This is not technically related to the O.P., but the most poignant case for exclusive psalmody that I've ever encountered can be found here:
PRC Psalm CD's.
Andrew Myers was gracious enough to send me both c.d.'s almost a year ago (I believe it will be one year in August). At that point I could say that I had already felt the intellectual pull of the E.P. arguments, and at the very least realized that I needed to respect the case that was made. After hearing the c.d.'s, at the risk of being a little hyperbolic, I felt a bit like the emissaries of Vladimir after having visited the Hagia Sophia, I "
knew not whether I was in heaven or on earth. For on earth there is no such splendour or such beauty, and I am at a loss how to describe it. I know only that God dwells there among men, and their service is fairer than the ceremonies of other nations. For I cannot forget that beauty. Every man, after tasting something sweet, is afterward unwilling to accept that which is bitter, and therefore I cannot dwell longer here."
Granted, that's not an intellectual or Biblical argument, and it isn't intended to be so. I still need to study the issue much more before I can say with any degree of meaningful certainty and studiousness that I am fully E.P. But I am practically so right now, and sometimes thirst for such congregational worship.

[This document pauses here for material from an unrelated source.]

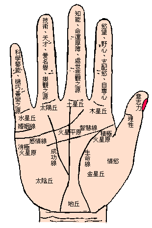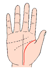 生命线形成大曲线,越过手掌中央的直线,即金星丘之面积显著的变大;金星丘表示精力及活动力和性能力,所以拇指球愈膨大,精力愈旺盛,不会感到疲劳,很容易的能够摆脱生活上的辛苦;但此精力如错用于性欲,则将会引起色情纠纷;主妇如有此种手相,除非丈夫精力很充沛,否则难免红杏出墙;年轻的女性有此相,即不易控制性欲,可能引起异性间爱欲问题。

In retrospect it is utterly baffling and befuddling to me, literally, that I could have went my whole life and never heard a Psalm sung. I grew up in Nazarene churches, but visited churches of many denominations in my early years as a Christian. At most, every now and then, I'd hear a hymn or praise song with one line of a Psalm as a refrain or something.
This might sound overly dramatic, but sometimes I just get a headache and think, "What is it about the Psalms that make people hate singing them?" Sometimes I get the impression even in some Presbyterian churches that if they do have to use a Psalm, it's much better to use a very loose paraphrase (again, very loose), and not something from one of the Psalters. It's almost like there's an antipathy against actually
just singing a Psalm, as if it would be an experience of excruciating pain, like putting a cat into a bathtub.
It just very much strikes me that it seems to be "EP" or "no Psalms at all" in most churches; and in Presbyterian churches that aren't EP, I'd guess (there's no way I could no; none of us could, I suppose) that in many it's "one Psalm per service, and probably a very loose paraphrase).
Anyhow. I would encourage everyone that hasn't heard really good Psalm singing to purchase those c.d.'s.
I'm not affiliated with them in any way, so this isn't an infomercial.